Since the system has positive and purely imaginary eigenvalues, it has unstable and center subspaces, given by

$$ E^{u} = {\text{span}}\left\{ {u_{j} ,v_{j} |a_{j} > 0} \right\} = {\text{span}}\left[ {\left( {0,1,0} \right)^{t} } \right] = y{\text{-axis}}\;{\text{in}}\;{\text{the}}\;{\text{phase}}\;{\text{space}} $$

and

$$ E^{c} = {\text{span}}\left\{ {u_{j} ,v_{j} |a_{j} = 0} \right\} = {\text{span}}\left[ {\left( {1,0,\,0} \right)^{t} ,\left( {0,0,1} \right)^{t} } \right] = xz{\text{-plane}}\;{\text{in}}\;{\text{the}}\;{\text{phase}}\;{\text{space}} $$

These two subspaces are presented in Fig. 4.3. Note that the system has no stable subspace, since it has no negative eigenvalue .

Fig. 4.3

Unstable and center subspaces of the given system

Theorem 4.6

Consider a system \( \mathop{\dot{x}}\limits_{\sim} = A{\mathop{x}\limits_{\sim}} \), where A is a n  × n matrix with real entries. Then phase space \( {\mathbb{R}}^{n} \) can be decomposed as

$$ {\mathbb{R}}^{n} = E^{u} \oplus E^{s} \oplus E^{c} $$

where \( E^{u} ,E^{s} \), and \( E^{c} \) are the unstable, stable, and of the system, respectively. Furthermore, these subspaces are invariant with respect to the flow.

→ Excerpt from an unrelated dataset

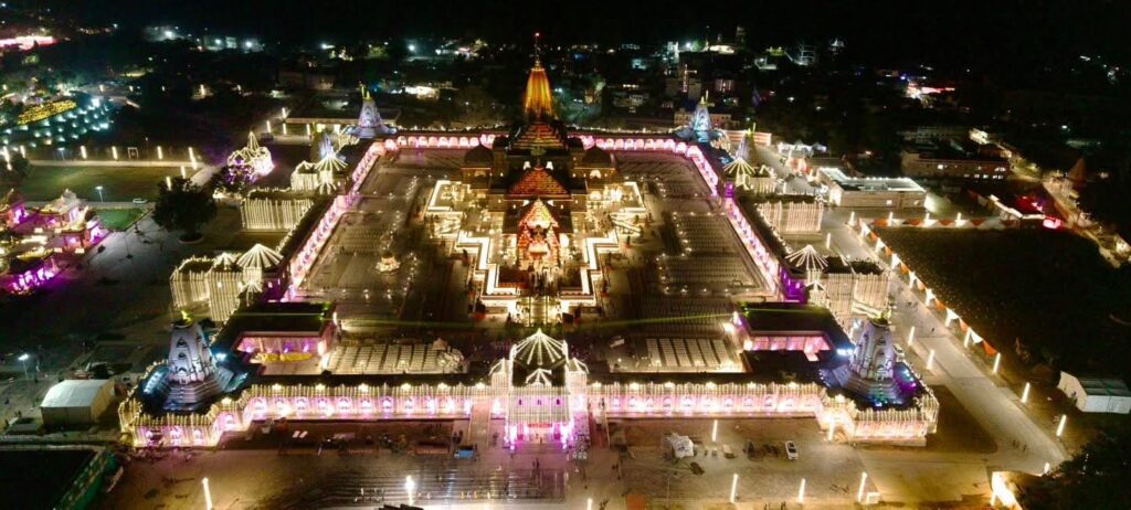 ध्वजारोहण उत्सव की पूर्व संध्या पर प्रकाश से आलोकित श्री राम जन्मभूमि मंदिर
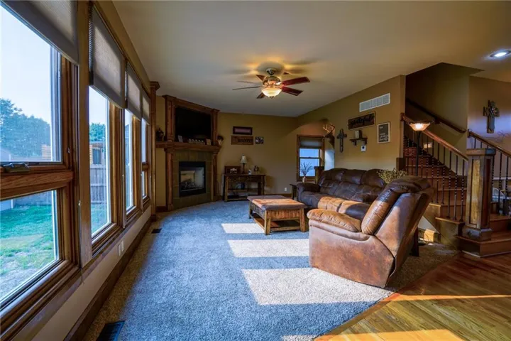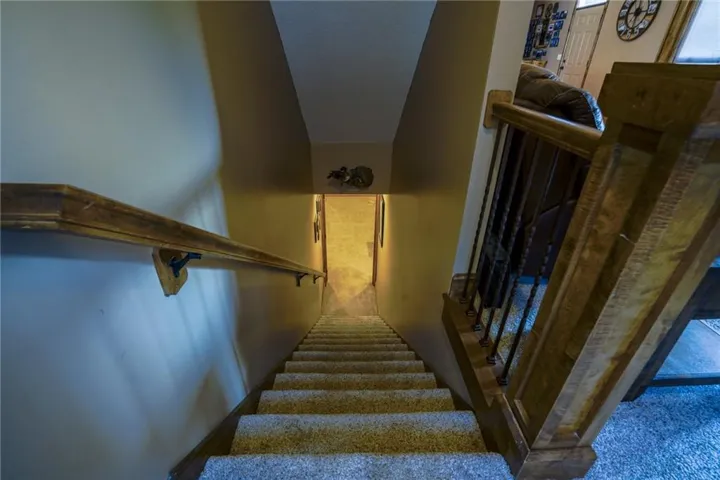 "LongDescription" => "Carpeted living room featuring stairs and a textured ceiling"

4.6 Hyperbolicity and Its Persistence

The flow in the neighborhood of hyperbolic fixed point has some special characteristic features. The special flow characteristic around the hyperbolic fixed point is called hyperbolicity. There are two important theorems, namely (i) Hartman–Grobman theorem and (ii) Stable manifold theorem for hyperbolic fixed points. The first theorem proves that there exists a continuous invertible map in some neighborhood of the hyperbolic fixed point which maps the nonlinear flow to the linear flow preserving the sense of time and the second theorem implies that the local structure of hyperbolic fixed points of nonlinear flows is the same as the linear flows in terms of the existence and transversality of local stable and unstable manifolds. We now define the local stable and unstable manifolds as follows:

Let U be some neighborhood of a hyperbolic fixed point \( \mathop{x}\limits_{\sim}^{*} \). The local stable manifold, denoted by \( W_{loc}^{s} (\mathop{x}\limits_{\sim}^{*} ) \), is defined as

$$ W_{loc}^{s} (\mathop{x}\limits_{\sim}^{*} ) = \left\{ {\mathop{x}\limits_{\sim} \in U|\phi_{t} (\mathop{x}\limits_{\sim} ) \to \mathop{x}\limits_{\sim}^{*} \;{\text{as}}\;t \to \infty ,\phi_{t} (\mathop{x}\limits_{\sim} ) \in U\;\forall t \ge 0} \right\}. $$

Similarly, the local unstable manifold is defined as

$$ W_{loc}^{u} (\mathop{x}\limits_{\sim}^{*} ) = \left\{ {\mathop{x}\limits_{\sim} \in U|\phi_{t} (\mathop{x}\limits_{\sim} ) \to \mathop{x}\limits_{\sim}^{*} \;{\text{as}}\;t \to - \infty ,\phi_{t} (\mathop{x}\limits_{\sim} ) \in U\;\forall t \le 0} \right\}. $$

The stable manifold theorem states that these manifolds exist and have the same dimension as the stable and unstable manifolds of the corresponding linear system \( \mathop{\dot{x}}\limits_{\sim}= A\mathop{x}\limits_{\sim} \), if \( \mathop{x}\limits_{\sim}^{*} \) is a hyperbolic equilibrium point , and that they are tangential to the manifolds of linear system at \( \mathop{x}\limits_{\sim}^{*} \). This notion is known as hyperbolicity of a system.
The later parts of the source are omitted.